■ THE RECORDS
Segment Open

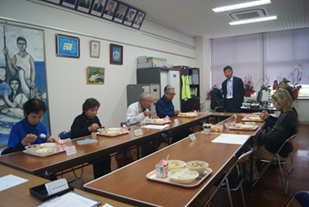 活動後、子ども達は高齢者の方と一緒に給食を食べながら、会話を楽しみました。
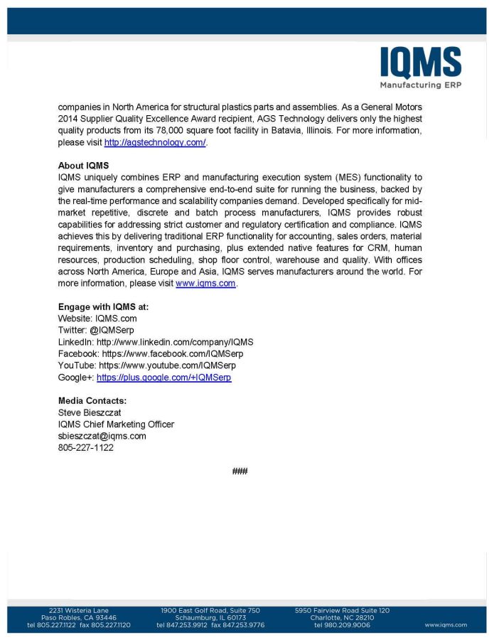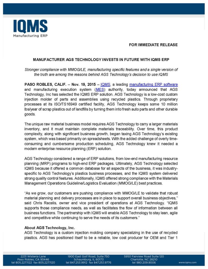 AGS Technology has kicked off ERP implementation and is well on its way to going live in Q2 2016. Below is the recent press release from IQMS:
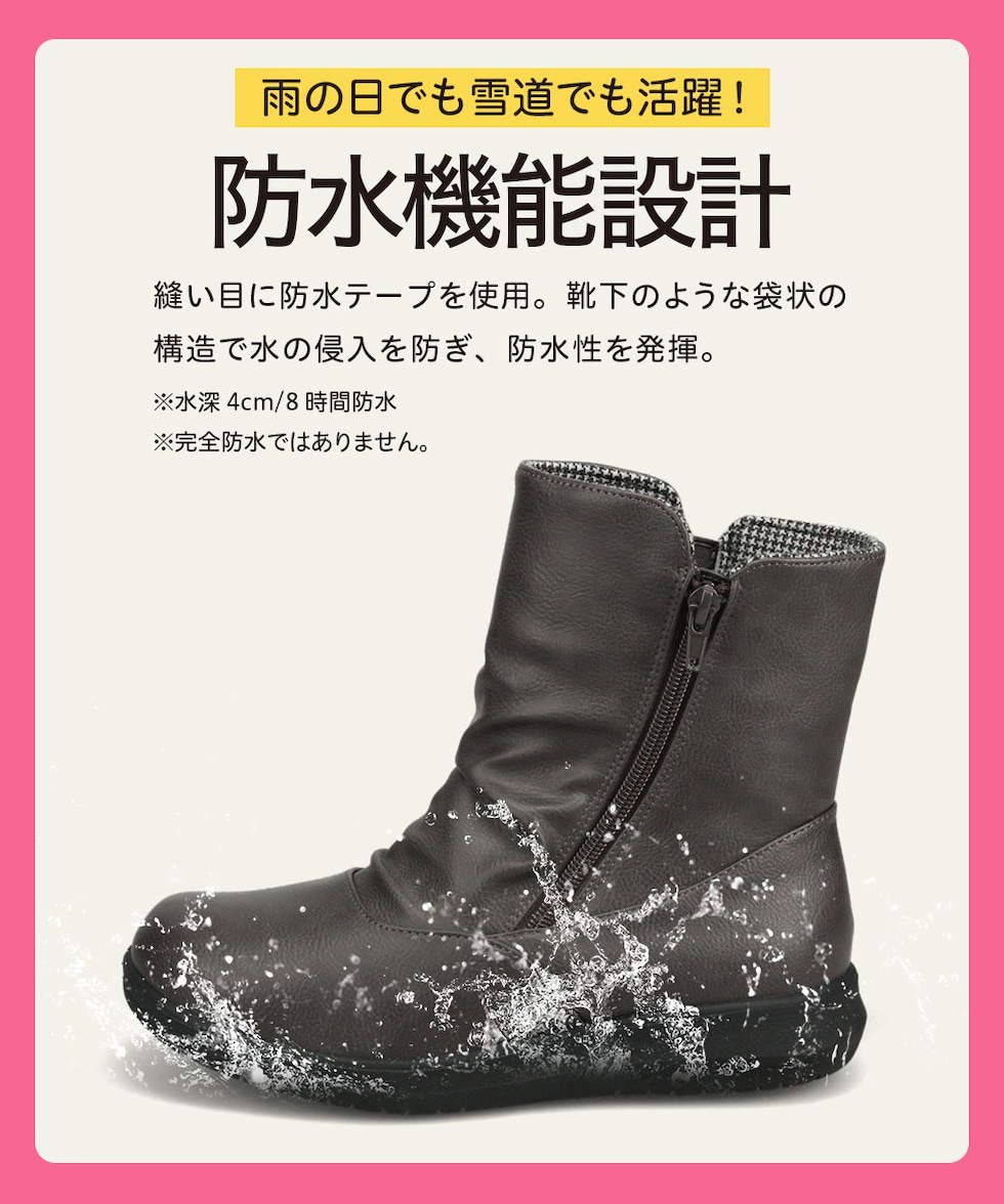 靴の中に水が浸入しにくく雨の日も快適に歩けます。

Segment Closed
Segment Open

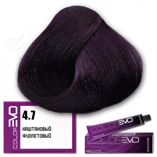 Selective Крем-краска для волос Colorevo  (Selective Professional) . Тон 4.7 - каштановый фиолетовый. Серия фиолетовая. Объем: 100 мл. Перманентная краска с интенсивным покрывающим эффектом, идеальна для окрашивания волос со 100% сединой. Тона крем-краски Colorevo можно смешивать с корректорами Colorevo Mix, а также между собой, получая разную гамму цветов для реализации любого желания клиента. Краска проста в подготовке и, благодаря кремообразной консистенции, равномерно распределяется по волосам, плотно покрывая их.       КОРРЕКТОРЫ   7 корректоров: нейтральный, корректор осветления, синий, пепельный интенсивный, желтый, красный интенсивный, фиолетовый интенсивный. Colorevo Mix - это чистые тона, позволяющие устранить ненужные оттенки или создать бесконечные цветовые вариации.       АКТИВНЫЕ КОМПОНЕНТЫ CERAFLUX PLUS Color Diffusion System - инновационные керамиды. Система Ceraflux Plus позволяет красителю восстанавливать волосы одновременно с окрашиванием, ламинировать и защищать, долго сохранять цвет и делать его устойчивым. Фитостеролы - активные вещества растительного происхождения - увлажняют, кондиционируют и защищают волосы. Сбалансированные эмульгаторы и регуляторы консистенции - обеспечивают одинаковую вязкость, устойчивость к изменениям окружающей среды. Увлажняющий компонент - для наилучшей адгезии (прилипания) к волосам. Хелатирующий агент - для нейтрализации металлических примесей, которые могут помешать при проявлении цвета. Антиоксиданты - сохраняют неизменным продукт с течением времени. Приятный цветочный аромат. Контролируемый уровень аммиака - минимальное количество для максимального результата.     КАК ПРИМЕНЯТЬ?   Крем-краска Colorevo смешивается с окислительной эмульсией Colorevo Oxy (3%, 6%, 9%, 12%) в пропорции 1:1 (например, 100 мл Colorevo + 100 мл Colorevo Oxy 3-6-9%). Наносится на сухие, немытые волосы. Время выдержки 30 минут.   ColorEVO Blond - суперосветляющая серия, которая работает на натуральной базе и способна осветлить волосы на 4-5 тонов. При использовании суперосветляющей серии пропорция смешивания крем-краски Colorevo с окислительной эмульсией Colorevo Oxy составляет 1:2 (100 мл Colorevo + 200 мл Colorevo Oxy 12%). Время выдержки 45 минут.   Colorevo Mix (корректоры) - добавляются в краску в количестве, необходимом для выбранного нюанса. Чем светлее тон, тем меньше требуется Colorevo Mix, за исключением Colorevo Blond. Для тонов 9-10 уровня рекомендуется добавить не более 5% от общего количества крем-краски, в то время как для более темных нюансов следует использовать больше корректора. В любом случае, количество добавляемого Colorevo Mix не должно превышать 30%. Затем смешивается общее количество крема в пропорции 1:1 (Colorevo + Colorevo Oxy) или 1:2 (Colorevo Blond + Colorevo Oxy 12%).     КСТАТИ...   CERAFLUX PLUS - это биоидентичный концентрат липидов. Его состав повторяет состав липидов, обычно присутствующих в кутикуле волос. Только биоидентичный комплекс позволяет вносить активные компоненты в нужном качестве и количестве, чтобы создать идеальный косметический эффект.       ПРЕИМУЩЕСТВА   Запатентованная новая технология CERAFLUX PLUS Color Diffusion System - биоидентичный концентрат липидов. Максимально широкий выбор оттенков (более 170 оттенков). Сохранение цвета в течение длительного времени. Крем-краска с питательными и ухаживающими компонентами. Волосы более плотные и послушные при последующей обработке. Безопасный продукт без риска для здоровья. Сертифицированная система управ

Segment Closed
Segment Open

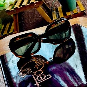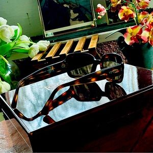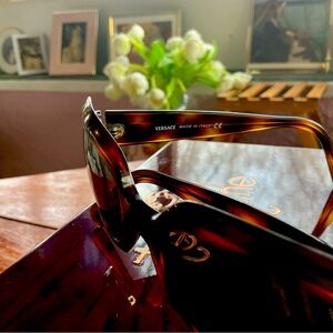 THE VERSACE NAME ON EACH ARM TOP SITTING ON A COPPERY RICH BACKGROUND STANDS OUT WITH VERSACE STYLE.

Segment Closed

■ WORK REQUEST
Give again the stretch of the entries above that begins at the line with "AGS Technology has" and ends at the line with "靴の中に水が浸入しにくく雨の日も快適に歩けます。", word for word, with no pictures.

■ REPLY
 AGS Technology has kicked off ERP implementation and is well on its way to going live in Q2 2016. Below is the recent press release from IQMS:
 靴の中に水が浸入しにくく雨の日も快適に歩けます。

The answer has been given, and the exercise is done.